I have my iPad and Kindle for anything I need a bigger screen for. 3.5" is fine for checking e-mail/facebook/twitter, playing some simple games, reading a little bit here and there etc. for my needs. I could see needing something bigger if you wanted to do a lot of web surfing or video watching etc. on your phone though.


----------



## The Hooded Claw (Oct 12, 2009)

mooshie78 said:


> I'm the exact opposite and went with an iPhone partly because all the best reviewed Android phones have screens .5-1" bigger and I just don't have any interest in lugging around that big a phone (even bigger once you put a decent protective case on it).


And the cool thing about Android is that you have that choice of screen sizes!  Hopefully Apple will eventually realize that smart phones, like people and chocolate malts, should come in different sizes to meet different needs!


----------



## skyblue (Dec 23, 2009)

Someone Nameless said:


> Yes, *Skyblue*!!! I sold my Galaxy.

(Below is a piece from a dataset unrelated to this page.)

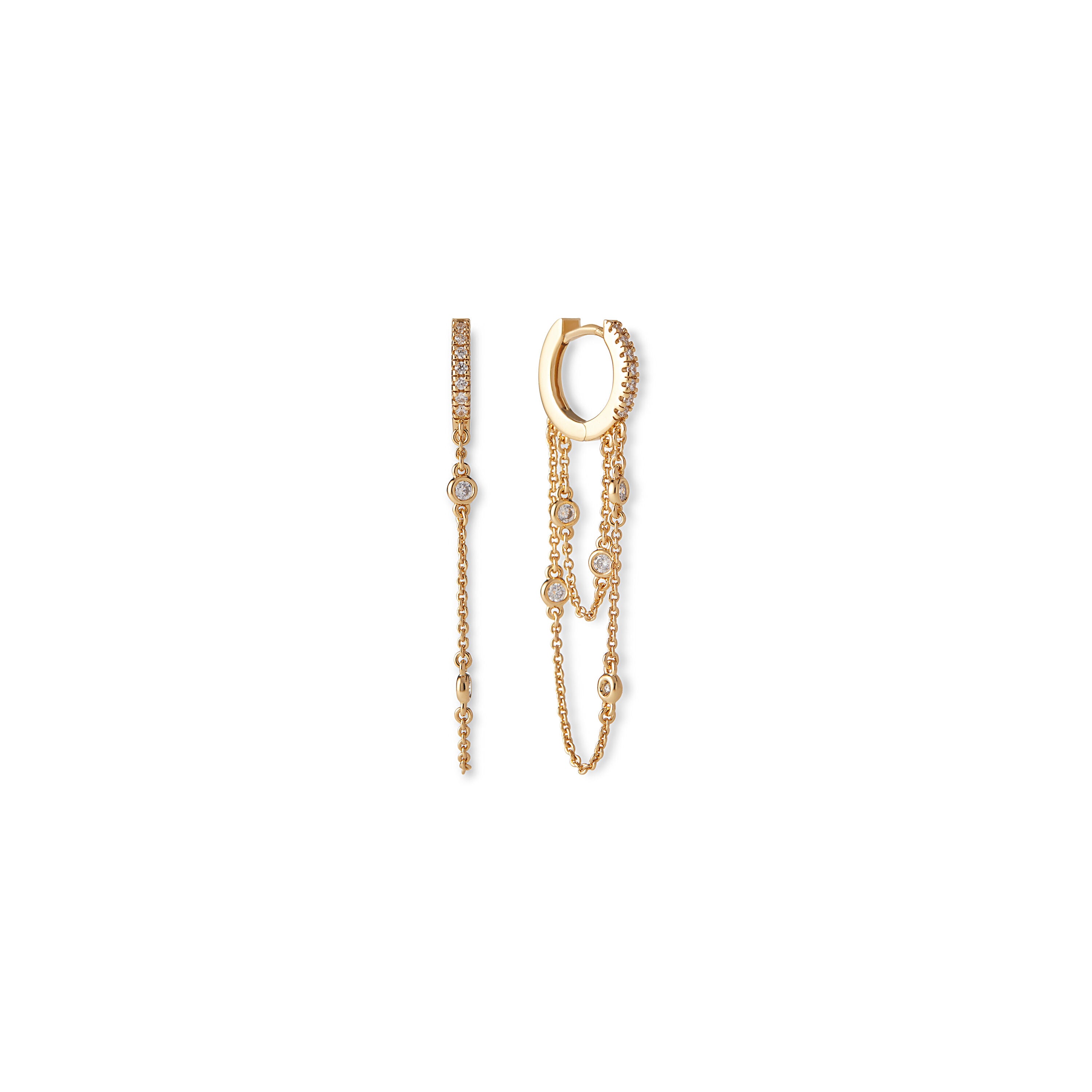 The Noe Chain Huggies by Rocksbox feature 14k gold plated huggie earrings with 2 small chains in differing lengths dangling from each huggie. Adorned with small gems. 1.25" length.

I missed Swype for about half a day but I'm way over that now. I'm in LOVE with my new phone!!! It's awesome! Do you have the 4s with Siri?


I have the 4, not the 4s.


----------



## addyj672 (Mar 29, 2011)

Congrats... Good to hear this.... cheers..


----------



## mooshie78 (Jul 15, 2010)

The Hooded Claw said:


> And the cool thing about Android is that you have that choice of screen sizes!  Hopefully Apple will eventually realize that smart phones, like people and chocolate malts, should come in different sizes to meet different needs!


Doesn't that make it tougher on app developers with having to make apps work on different screen sizes? I assumed that as well as all the different versions of Android out at the same time is a big part of why the android app selection is so much smaller than the iOS store.


----------



## The Hooded Claw (Oct 12, 2009)

mooshie78 said:


> Doesn't that make it tougher on app developers with having to make apps work on different screen sizes? I assumed that as well as all the different versions of Android out at the same time is a big part of why the android app selection is so much smaller than the iOS store.


Worse than the dimensions is the large number of resolutions. But yes, that makes it tougher for developers. Unfortunately, choices such as more freedom to develop hardware have positive and negative sides. Not all is beer and skittles in Android land, which is why I'm considering taking a walk on the fruity side if a larger screen version arrives.


----------